DATASET EXTRACT:
-- Opening Marker --

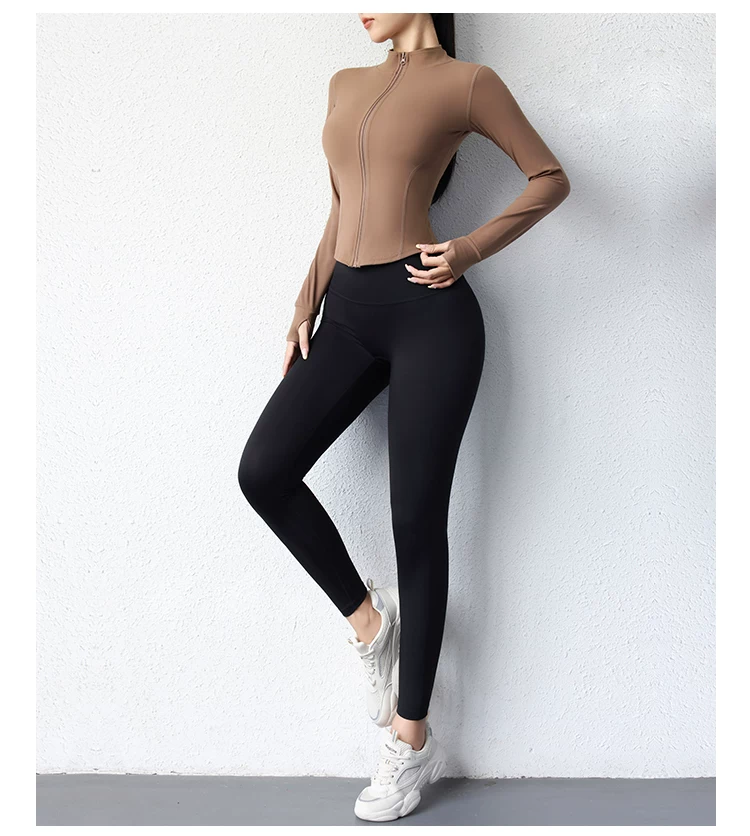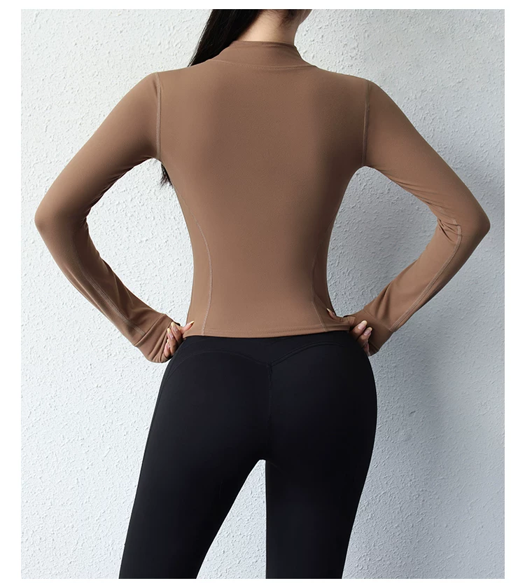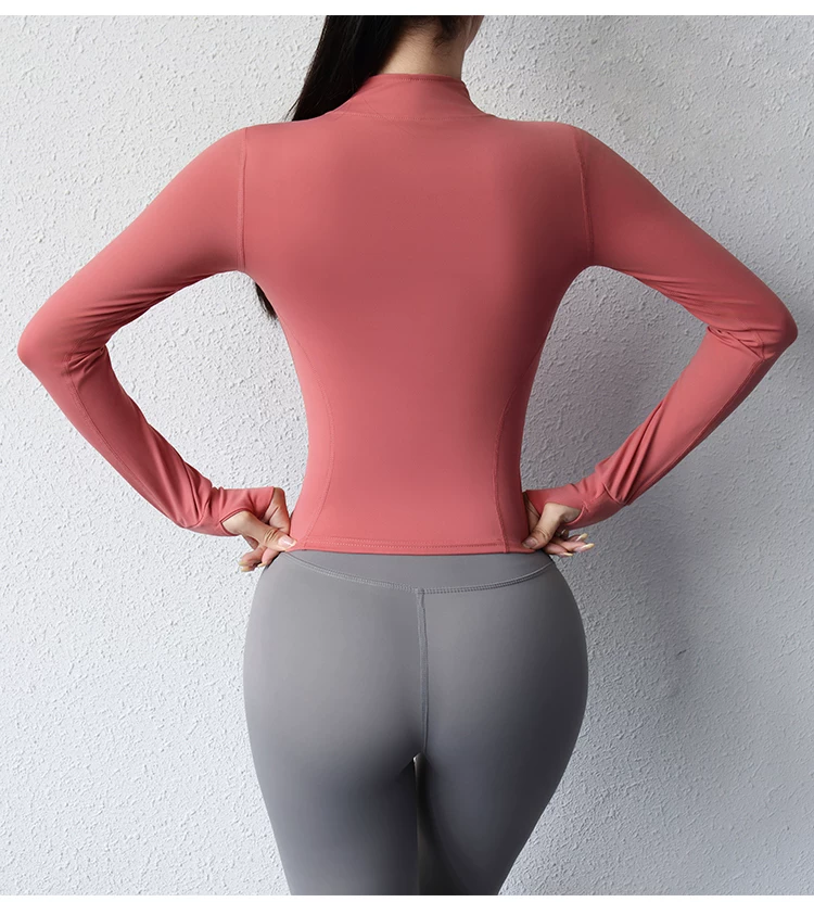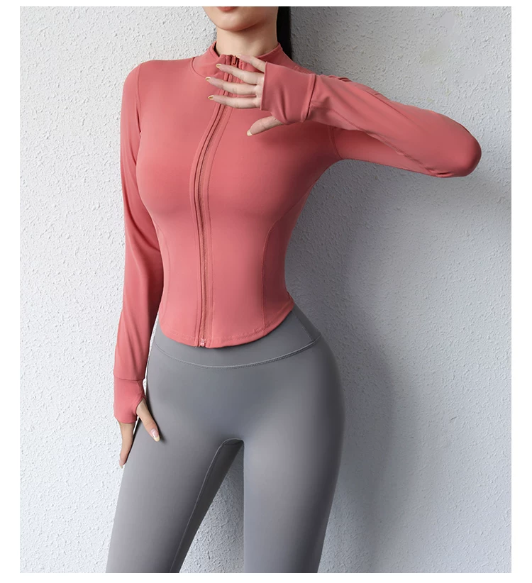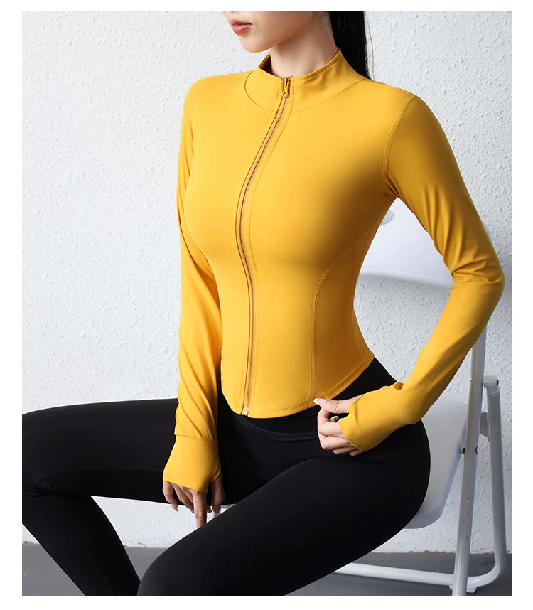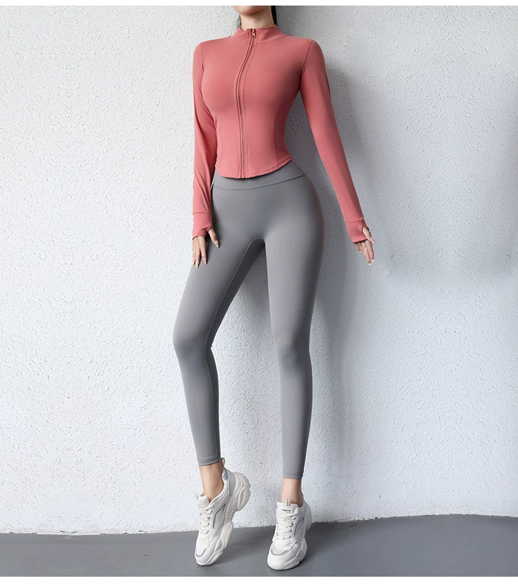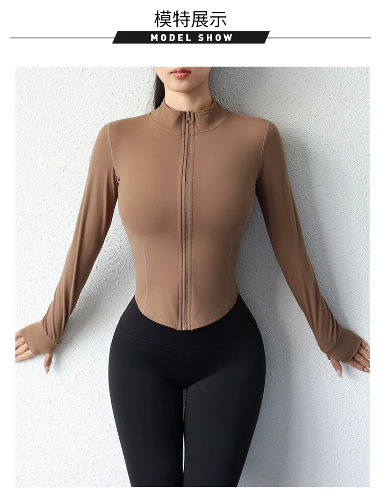 Quần áo tập yoga Jiumai Yipin dành cho nữ, Áo khoác tập luyện vừa vặn bằng vải chải kỹ mới mùa xuân, Quần áo tập thể dục dài tay.
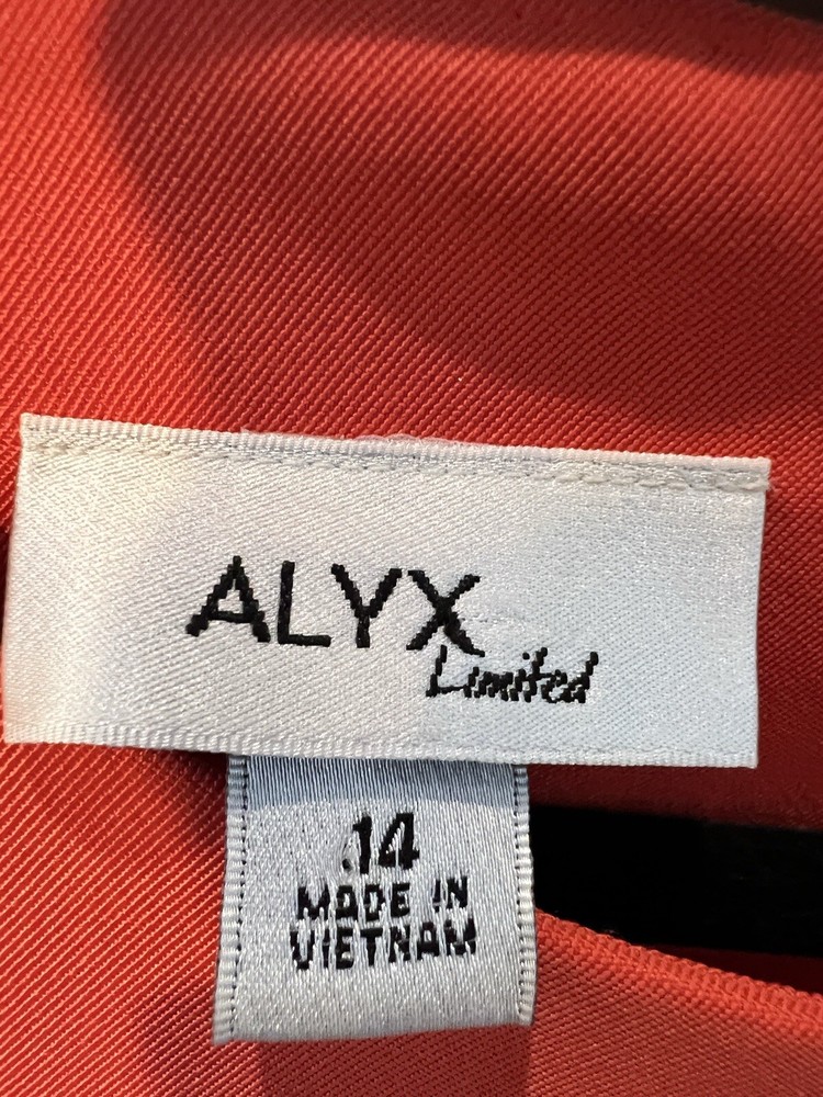 Alyx Orange dress with zipper closure in back Sleeveless size 14 Shoulder strap to strap 14 in Armhole opening 8 in Armpit to armpit width 19 1/2 in Waist 18 1/4 in Length 35 in Excellent condition
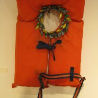Building Construction technology instructors Shannon Baird and Hilary Campbell shared third place for their collaborative piece, a life vest and a stylized wreath. They created the work in response to a trip to Turkey and the Greek Islands, where they volunteered at an art program for Syrian refugee children.
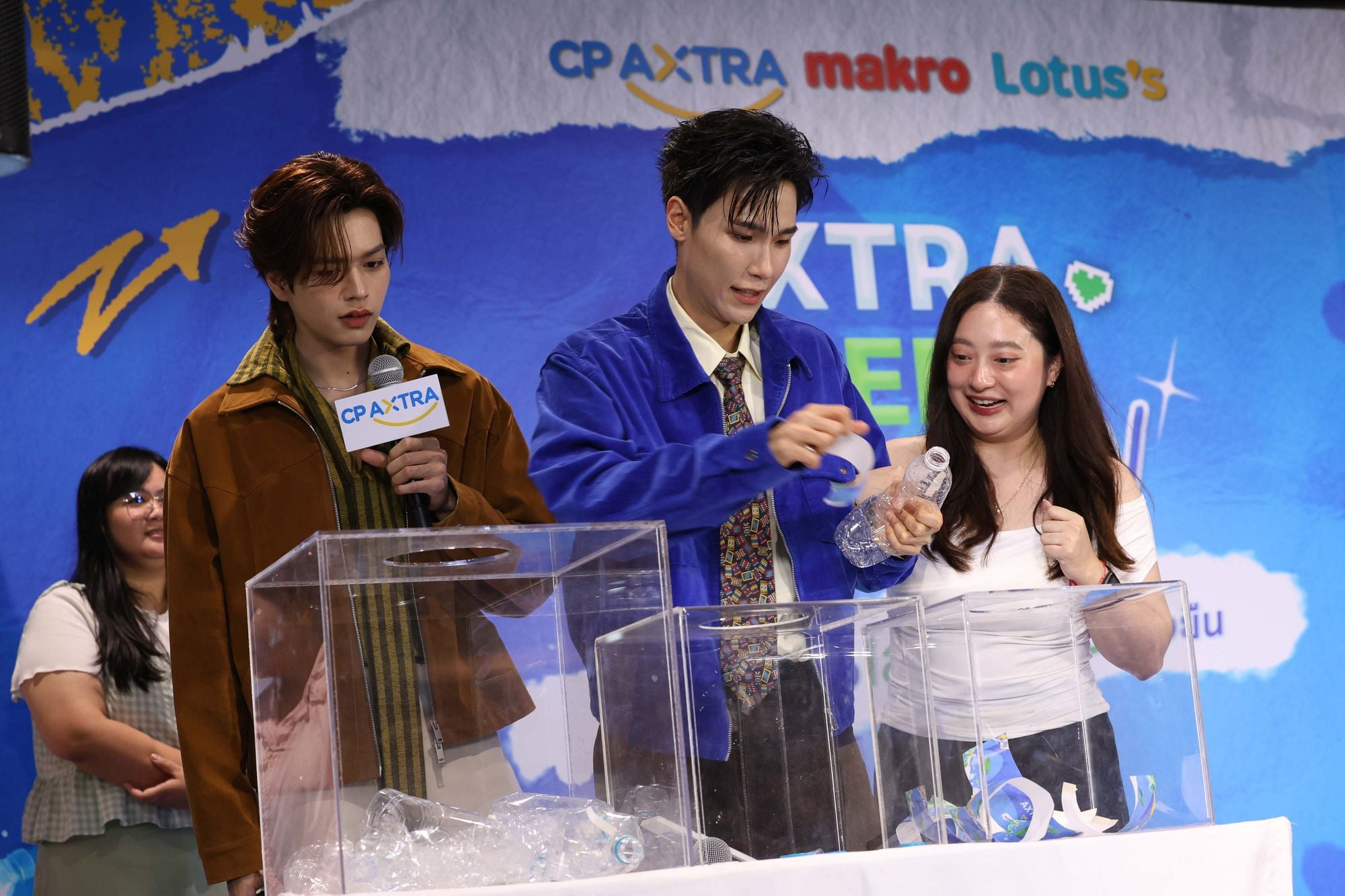 ทันทีที่ทั้งสองหนุ่มปรากฏตัวบนเวทีพร้อมโชว์เพลงคู่ เสียงกรี๊ดก็ดังสนั่น ก่อนทั้งสองจะพูดคุยทักทายแฟน ๆ และชวนทุกคนมาร่วมเป็นพลังเล็กๆ ที่ช่วยสร้างโลกสีเขียว เริ่มต้นจากเรื่องง่าย ๆ ใกล้ตัว เช่น การประหยัดพลังงาน การคัดแยกขยะ และการใช้ทรัพยากรอย่างรู้คุณค่า ความสนุกยังเดินหน้าต่อ เมื่อแฟนคลับผู้โชคดี 10 ท่าน ได้ขึ้นเวทีร่วมเล่นเกม “เกี่ยวแขนรักษ์โลก” กับสองหนุ่มแบบใกล้ชิด แบ่งทีมเป็นทีมจูเนียร์และทีมมาร์ค แข่งขันกันทำภารกิจแยกขวดพลาสติก ทั้งแยกฝา ลอกฉลาก และนำขวดเข้าสู่กล่องรีไซเคิล ท่ามกลางเสียงเชียร์จากแฟนๆ ที่ลุ้นกันแบบไม่มีพัก

-- Closing Marker --

Only the lines from the one with "Alyx Orange dress" through the last line above belong in the answer. Reproduce them exactly, without the pictures.

ANSWER TO THIS EXERCISE:
 Alyx Orange dress with zipper closure in back Sleeveless size 14 Shoulder strap to strap 14 in Armhole opening 8 in Armpit to armpit width 19 1/2 in Waist 18 1/4 in Length 35 in Excellent condition
Building Construction technology instructors Shannon Baird and Hilary Campbell shared third place for their collaborative piece, a life vest and a stylized wreath. They created the work in response to a trip to Turkey and the Greek Islands, where they volunteered at an art program for Syrian refugee children.
 ทันทีที่ทั้งสองหนุ่มปรากฏตัวบนเวทีพร้อมโชว์เพลงคู่ เสียงกรี๊ดก็ดังสนั่น ก่อนทั้งสองจะพูดคุยทักทายแฟน ๆ และชวนทุกคนมาร่วมเป็นพลังเล็กๆ ที่ช่วยสร้างโลกสีเขียว เริ่มต้นจากเรื่องง่าย ๆ ใกล้ตัว เช่น การประหยัดพลังงาน การคัดแยกขยะ และการใช้ทรัพยากรอย่างรู้คุณค่า ความสนุกยังเดินหน้าต่อ เมื่อแฟนคลับผู้โชคดี 10 ท่าน ได้ขึ้นเวทีร่วมเล่นเกม “เกี่ยวแขนรักษ์โลก” กับสองหนุ่มแบบใกล้ชิด แบ่งทีมเป็นทีมจูเนียร์และทีมมาร์ค แข่งขันกันทำภารกิจแยกขวดพลาสติก ทั้งแยกฝา ลอกฉลาก และนำขวดเข้าสู่กล่องรีไซเคิล ท่ามกลางเสียงเชียร์จากแฟนๆ ที่ลุ้นกันแบบไม่มีพัก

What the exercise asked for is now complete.